A caprichosa tessitura exibidora da ampla teia de entretenimento infanto-juvenil que este mês cobre o complexo de salas nos multiplex da cidade deixa quase nenhuma opção para o pensamento adulto. Ou trocando literalmente em miúdos: é a alta estação das férias escolares, e os tempos são para fruição do que parece ser a única matéria de diversão que Hollywood é capaz de produzir: super-heróis em carne e osso ou em figuração animada. E cá entre nós, os pets mandam ver melhor que os esdrúxulos voadores fantasiados...

Além do regresso à casa do Homem-Aranha, há outra volta ao lar disponível a partir desta quinta (18), no circuito exibidor da cidade. Não exatamente para alegre fruição de jovens estudantes ociosos em busca de imagens-passatempo, mas para quem busca navegar um pouco mais densamente em águas de história recente do século passado. Recente e dolorosa. O filme é “O Ano de 1985”, produção americana independente realizada em 2018 e ainda em lançamento em grande parte do mercado alternativo internacional – no Brasil estreou há dois meses apenas nas principais capitais.

Sem muito alarde, já mais distante aquela urgência de duas, três décadas atrás, o cinema vem mostrando – para quem quer ver, obviamente – uma onda de filmes para lembrar os mortos pela AIDS epidêmica. (Não há notícia de qualquer memorial, em qualquer país do mundo, com o registro dos mortos pela doença, segundo o escritor Tom Crewe apontou recentemente na London Review of Books.)

Depois de “120 Batimentos por Minutos”, drama francês sobre ativistas da AIDS realizado em 2017 e exibido furtivamente por alguns dias em Londrina, surge este “1985” (titulo original), drama familiar construído com discreta delicadeza e complexidade emocional.
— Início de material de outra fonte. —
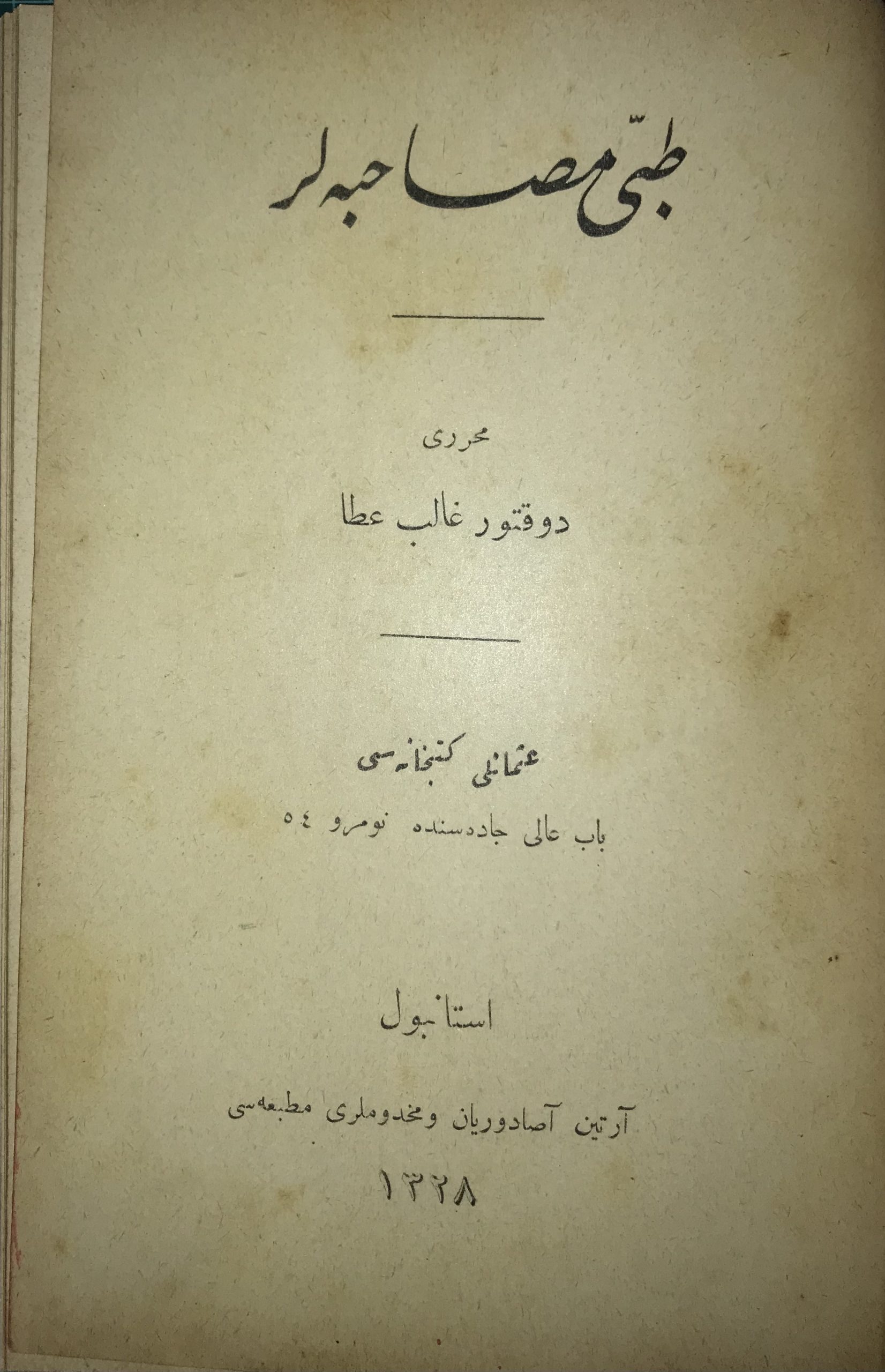 5- TIBBİ MUSAHABELER : Dr. Galip Ata İst. Artin Asaduryan ve Mahdumları Matbaası 1328(1912) 222+1 S. 20984

'O Ano de 1985': filmado em preto e branco , drama mostra o quanto o mundo já foi diferente de hoje
'O Ano de 1985': filmado em preto e branco , drama mostra o quanto o mundo já foi diferente de hoje | Foto: Divulgação

É sobre um filho na casa dos vinte anos, Adrian, homossexual ainda no armário, que regressa à texana casa paterna para os feriados de Natal depois de alguns anos ausente. Ele pretende contar a todos de sua família cristã que é gay e que contraiu o vírus HIV. Nesse tempo e nesse espaço, ele vai se movimentar em vias de desespero e coberto por um manto de tristeza. Ali, ele pretende fazer tudo o que é preciso para se defrontar com sua vida conservadora e confrontar com a morte que se aproxima – no último ano, ele enterrou seis amigos e foi demitido de seu emprego como publicitário – ele presume que foi porque descobriu sua doença.

“O Ano de 1985”, dirigido por Yen Tan, cineasta malaio-tailandês radicado no Texas, tem em sua origem um curta-metragem do próprio cineasta (disponível no YouTube). Foi fotografado em preto e branco propositalmente granulado, como que para mostrar que o mundo era diferente em 1985, quando a AIDS invadiu a comunidade gay. A grande virtude deste filme, modesto em recursos materiais mas abundante em humanidade, é a maneira como ele entra na vida de toda a família de Adrian. O elenco é notável, e parte essencial para a construção de uma dramaturgia tão equilibrada e tão compassivamente sintonizada com os sentimentos de todos. O que com certeza seria impossível obter cinematograficamente naqueles dias negros da epidemia.